+269 Let $O$ be the origin. Points $P$ and $Q$ lie in the first quadrant. The slope of line segment $\overline{OP}$ is $4,$ and the slope of line segment $\overline{OQ}$ is $5.$ If $OP = OQ,$ then compute the slope of line segment $\overline{PQ}.$
Note: The point $(x,y)$ lies in the first quadrant if both $x$ and $y$ are positive.
+9664 Suppose P = (x, y).
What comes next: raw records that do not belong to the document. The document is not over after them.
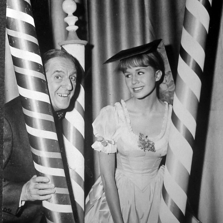 Publicity photo of Stanley Holloway and Regina Groves from the television program Our Man Higgins.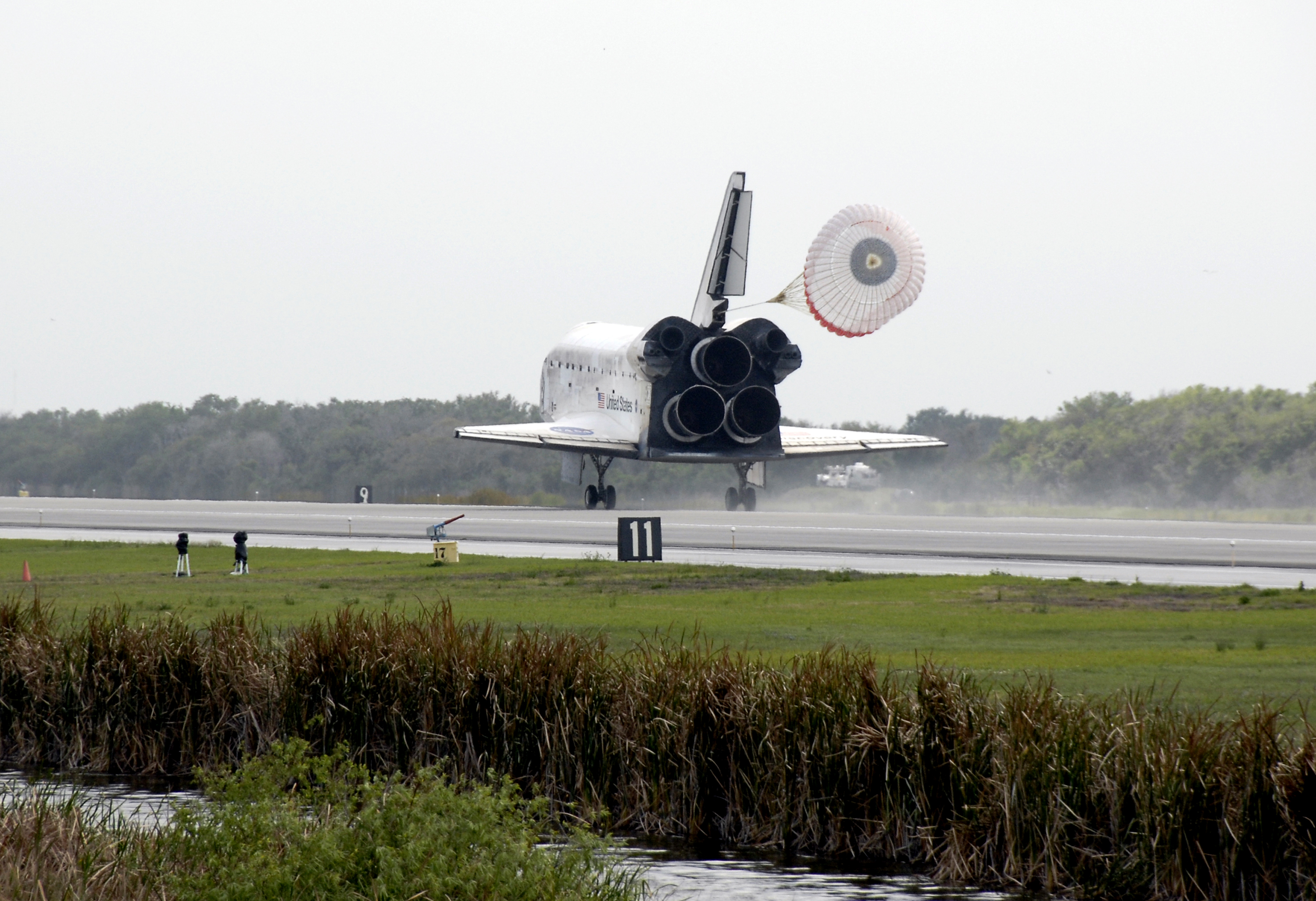 CAPE CANAVERAL, Fla. – With the aid of a drogue chute, space shuttle Discovery slows for landing on Runway 15 at NASA's Kennedy Space Center in Florida to complete the 13-day, 5.3-million mile journey on the STS-119 mission to the International Space Station. Main gear touchdown was at 3:13:17 p.m. EDT. Nose gear touchdown was at 3:13:40 p.m. and wheels stop was at 3:14:45 p.m. Discovery delivered the final pair of large power-generating solar array wings and the S6 truss segment. The mission was the 28th flight to the station, the 36th flight of Discovery and the 125th in the Space Shuttle Program, as well as the 70th landing at Kennedy.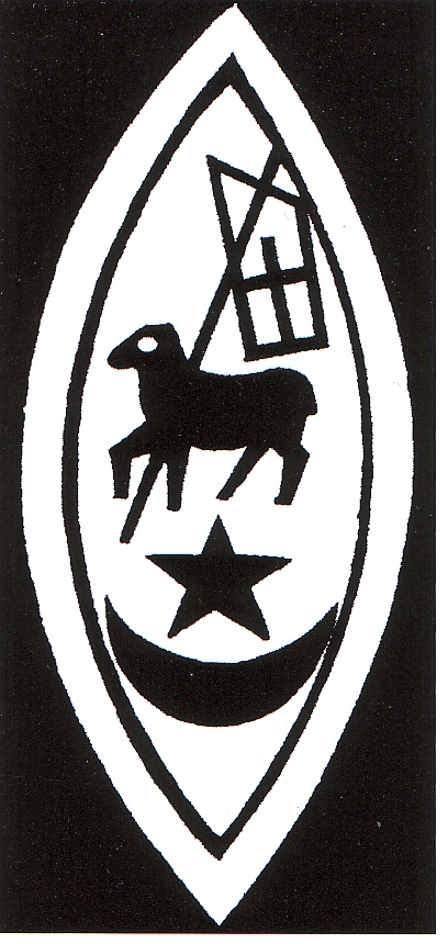 Seal of the the former Cistercian Nunnery Friedland, here of the abbess Katharina von Löben (Lobens) in a document from 1524. The monastery is situated in Altfriedland, a village of the municipality Neuhardenberg in the District Märkisch-Oderland, Brandenburg, Germany.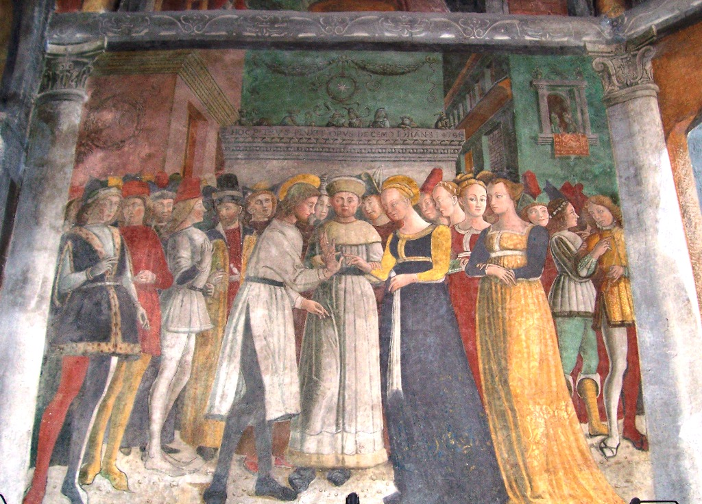 Church of the Annunciata. Piancogno, Val Camonica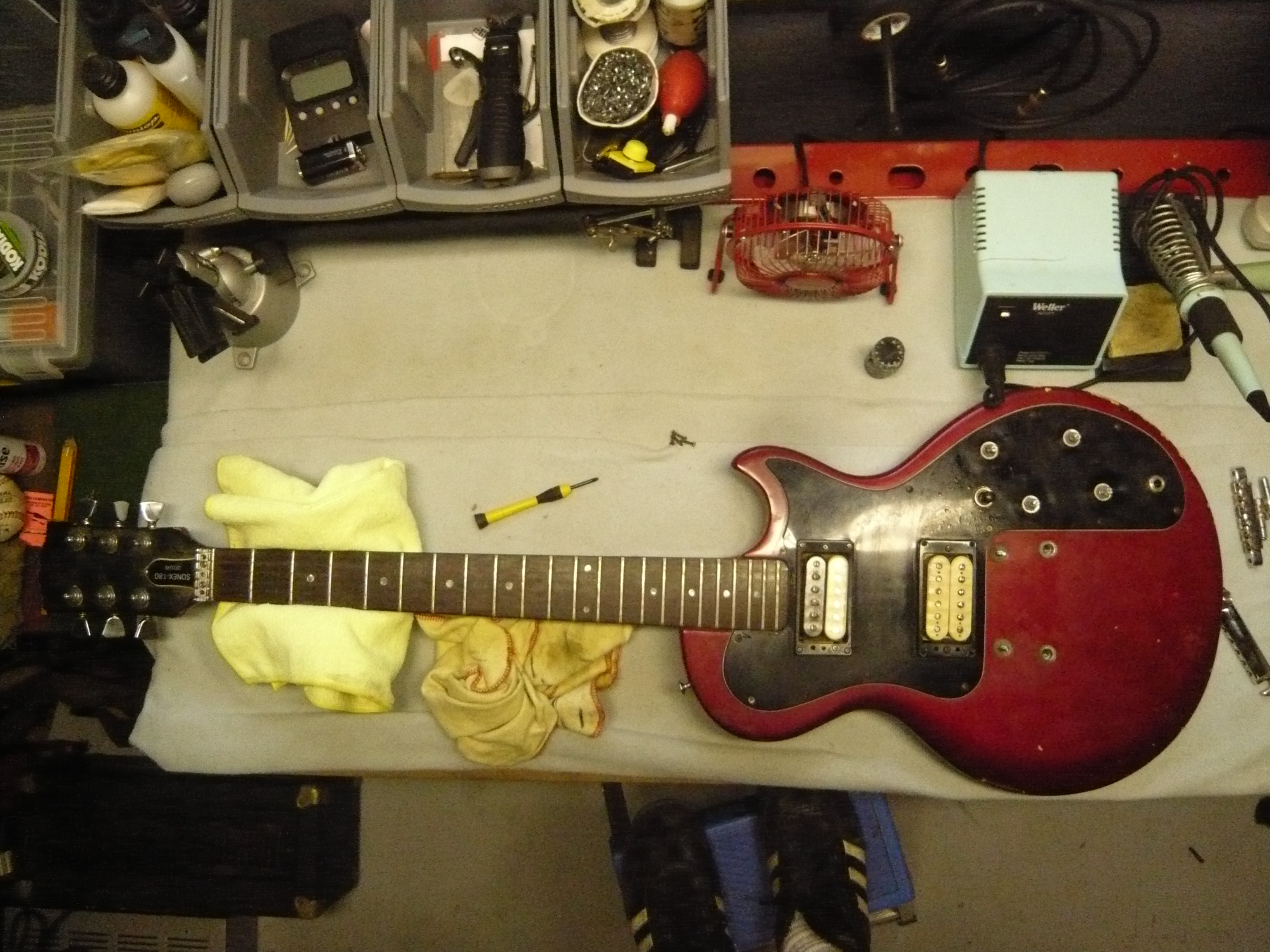 A full length shot of the Gibson Sonex 180 Deluxe (under repairing). Note: knobs, PU covers, bridge & tailpiece are temporally detached to repair. Also lockable nut may be latter addition.

Since the slope of OP is 4, by slope formula, we have \(\dfrac{y - 0}{x - 0} = 4\), which means \(y = 4x\).
So, P = (x, 4x) for some x. By the same argument, Q = (w, 5w) for some w.
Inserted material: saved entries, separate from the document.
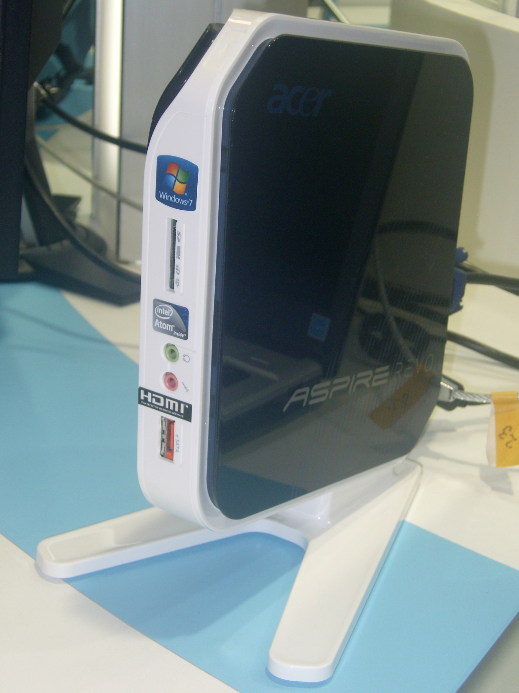 2009 Taipei IT Month: Acer Aspire Revo Nettop.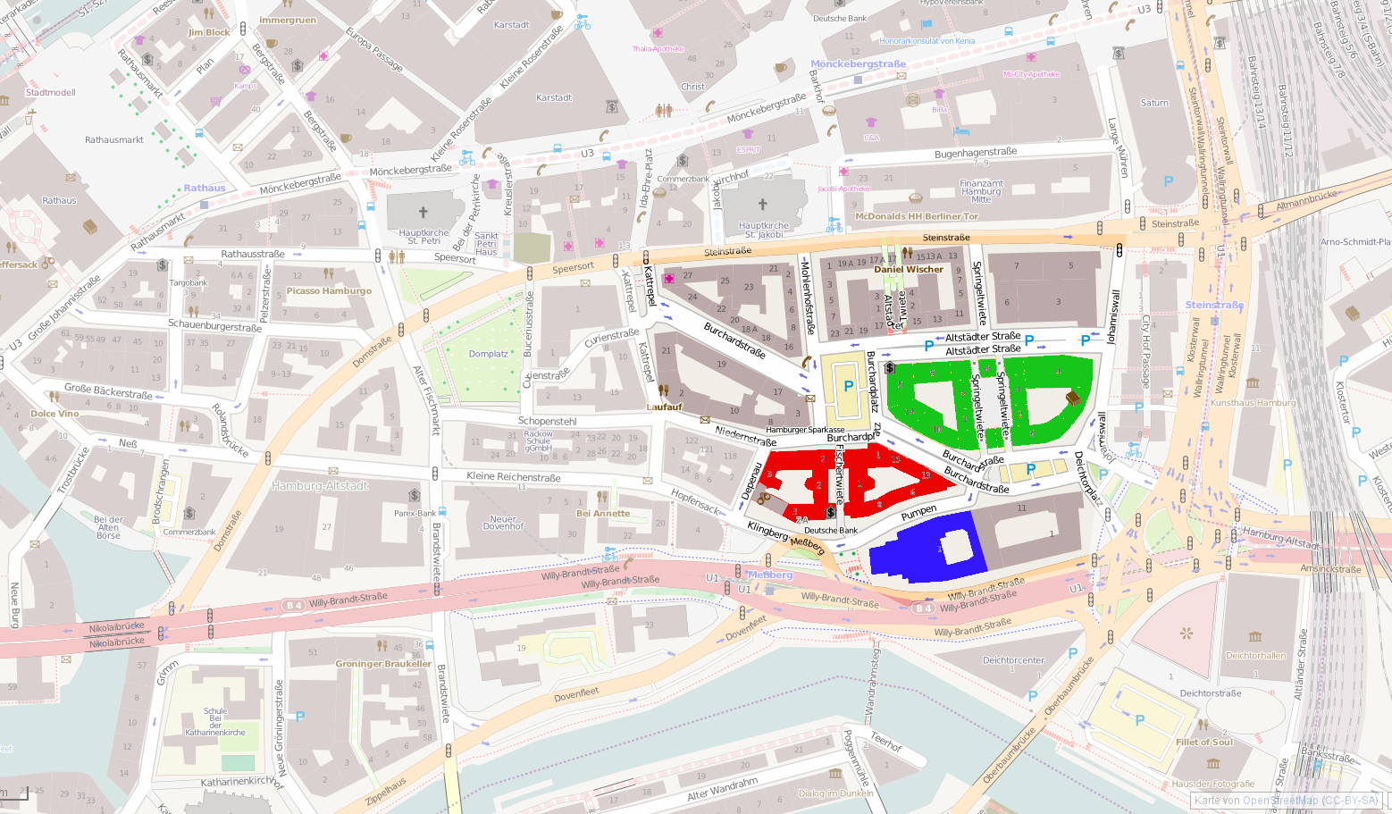 This map of Hamburg Kontorhausviertel - Chilehaus=rot - Sprinkenhof=grün; Meßberghof=blau was created from OpenStreetMap project data, collected by the community. This map may be incomplete, and may contain errors. Don't rely solely on it for navigation.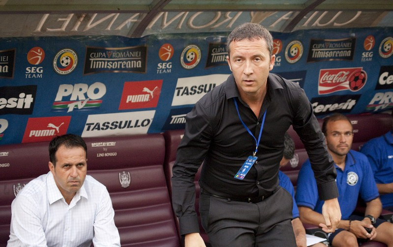 Stoica at CFR Cluj - Unirea Urziceni in Romanian Supercup 2010 (4-2).

Now, we use the condition \(OP = OQ\) to find a connection between w and x. Using distance formula to calculate OP and OQ, we have
\(\sqrt{x^2 + (4x)^2} =\sqrt{w^2 + (5w)^2}\)
\(17x^2 = 26w^2\)
\(x = \sqrt{\dfrac{26}{17}}w\)
Now, the slope of PQ is \(\dfrac{5w - 4x}{w - x} = \dfrac{5w - 4\cdot \sqrt{\frac{26}{17}}w}{w - \sqrt{\frac{26}{17}} w} = \dfrac{5 \sqrt{17} - 4 \sqrt{26}}{\sqrt{17} - \sqrt{26}}\)
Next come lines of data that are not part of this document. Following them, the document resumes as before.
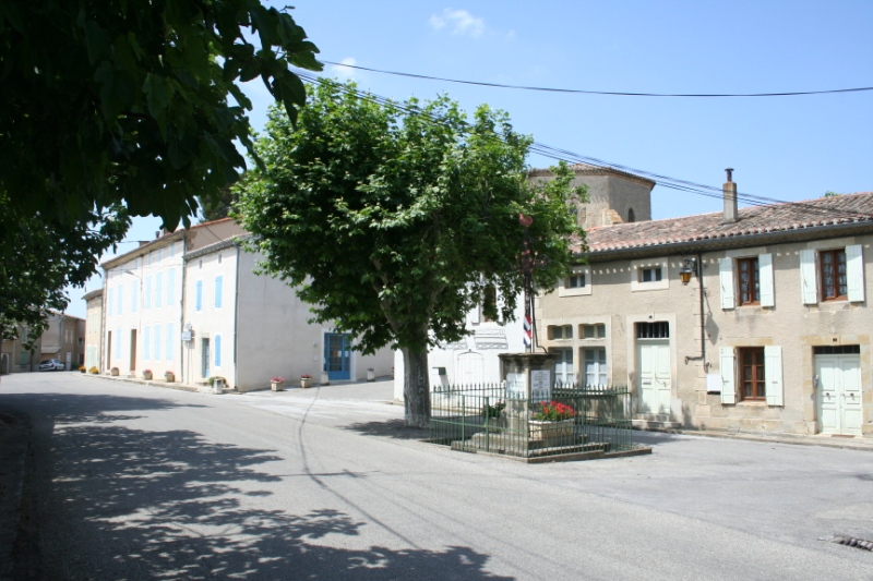 This is a photo along rue principal in the centre of the village of Airoux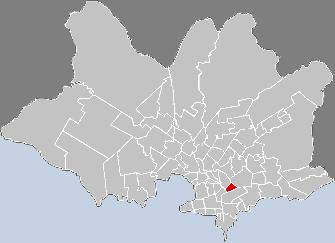 Map highlighting the given barrio in Montevideo.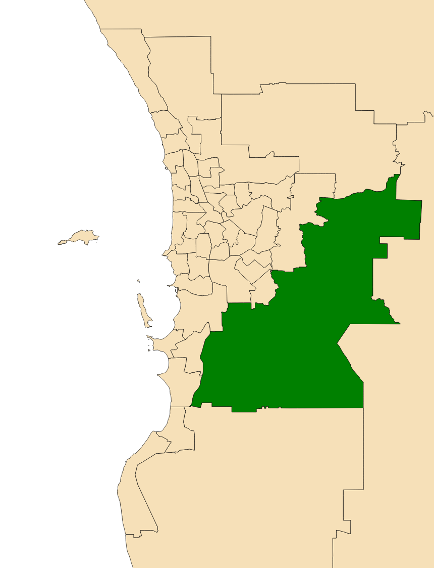 Location of the electoral district of Darling Range in the Perth metropolitan area, Western Australia as of the 2017 WA state election.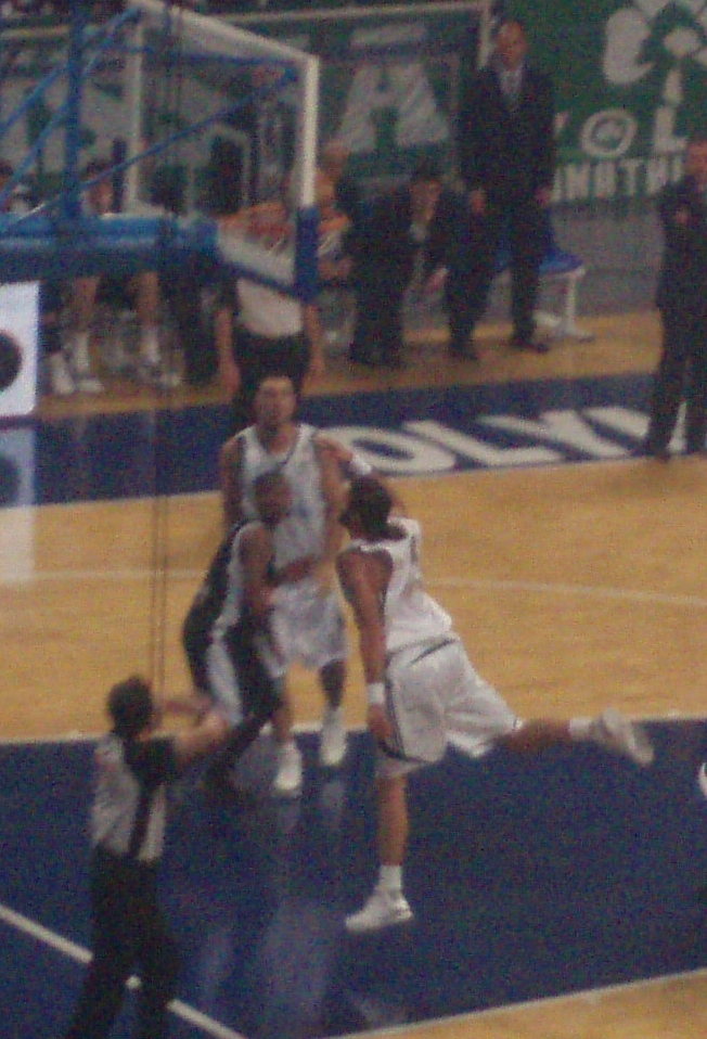 Alvertis PAO-PAOK

Rationalizing gives \(m_{PQ} = \dfrac{(5 \sqrt{17} - 4\sqrt{26})(\sqrt{17} + \sqrt{26})}{17 - 26} = \dfrac{-19 + \sqrt{442}}{-9} = \dfrac{19 - \sqrt{442}}9\).
If you just need an approximate value, \(\dfrac{19 - \sqrt{442}}{9} \approx -0.2249\).